This behavior ensures backward compatibility—existing SKILL.md-based projects work unchanged.

Coverage reporting

The waza coverage command now reports both SKILL.md and .agent.md files:

waza coverage

# Output:
# Skills found: 3
#   ✓ code-explainer (SKILL.md)
#   ✓ documentation-writer (SKILL.md)
#   ✓ security-reviewer (.agent.md)
#
# Evaluations found: 3
#   ✓ evals/code-explainer.yaml
#   ✓ evals/documentation-writer.yaml
#   ✓ evals/security-reviewer.yaml

Each agent is counted alongside skills. Use this to audit your evaluation coverage.

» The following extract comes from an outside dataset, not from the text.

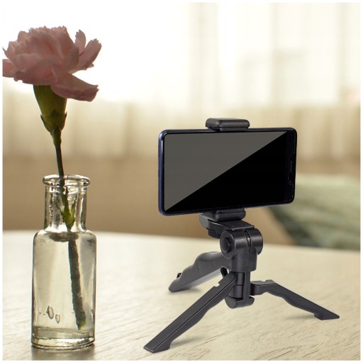 ✔️ Wygodny - mały statyw stołowy oraz (po złożeniu) wyprofilowany i ergonomiczny uchwyt ręczny typu GRIP.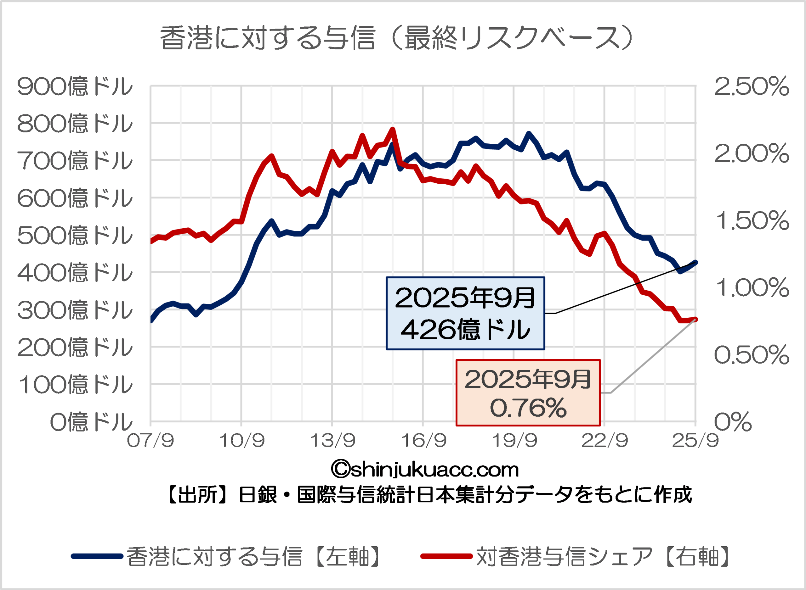 香港向け与信については、とくにこの5~6年の間、金額、シェアともに低下を続けており、2025年9月期だと香港向け与信は426億ドル、邦銀の対外与信全体に占めるシェアは0.76%であり、なんとこれは韓国向けよりも少ないのです。

Example: security-reviewer agent

The examples/custom-agent/ directory contains a complete, runnable security-reviewer agent with evaluation suite.

File structure

examples/custom-agent/
├── security-reviewer.agent.md    # Agent definition with tools
├── eval.yaml                      # Evaluation spec
├── tasks/
│   ├── 01-injection-detection.yaml
│   ├── 02-crypto-review.yaml
│   ├── 03-data-handling.yaml
│   └── 04-infrastructure-scan.yaml
└── fixtures/
    ├── vulnerable-sql.py
    ├── weak-crypto.js
    └── pii-exposure.tf

Running the example

cd examples/custom-agent
waza run eval.yaml -v

# Output:
# Running: security-reviewer eval
# Task: injection-detection ... ✓ PASS
# Task: crypto-review ... ✓ PASS
# Task: data-handling ... ⚠ PARTIAL (4/5 validators)
# Task: infrastructure-scan ... ✓ PASS
#
# Results saved to results.json

What each task tests

Task	Purpose	Validates
injection-detection	SQL/command injection vulnerabilities	Tool constraint (codeSearch, fileRead only)
crypto-review	Cryptographic weaknesses	Identifies weak algorithms and recommends alternatives
data-handling	PII and sensitive data exposure	Detects hardcoded secrets, unencrypted fields
infrastructure-scan	Terraform/IaC misconfigurations	Checks for open security groups, missing logging

The auto-injected tool_constraint grader validates that only [codeSearch, fileRead, runCommand] are called—the tools declared in the agent’s frontmatter.

Sample task file

name: injection-detection
description: Agent identifies SQL injection vulnerabilities

triggers:
  - "Review this Python code for security issues"

fixtures:
  - vulnerable-sql.py

expected_outcome: |
  - Identifies the SQL injection vulnerability on line 8
  - Explains the risk
  - Suggests parameterized queries as mitigation

Limitations & roadmap

handoffs field — Parsed but not yet evaluated. P2 feature to test agent coordination.
mcp-servers field — Parsed but not yet evaluated. P2 feature to validate MCP server integration.
Multiple .agent.md files — If a directory contains multiple .agent.md files, only the first is discovered. Workaround: use subdirectories or rename to avoid collisions.
No handoff testing — Coming in a future release to validate agent coordination.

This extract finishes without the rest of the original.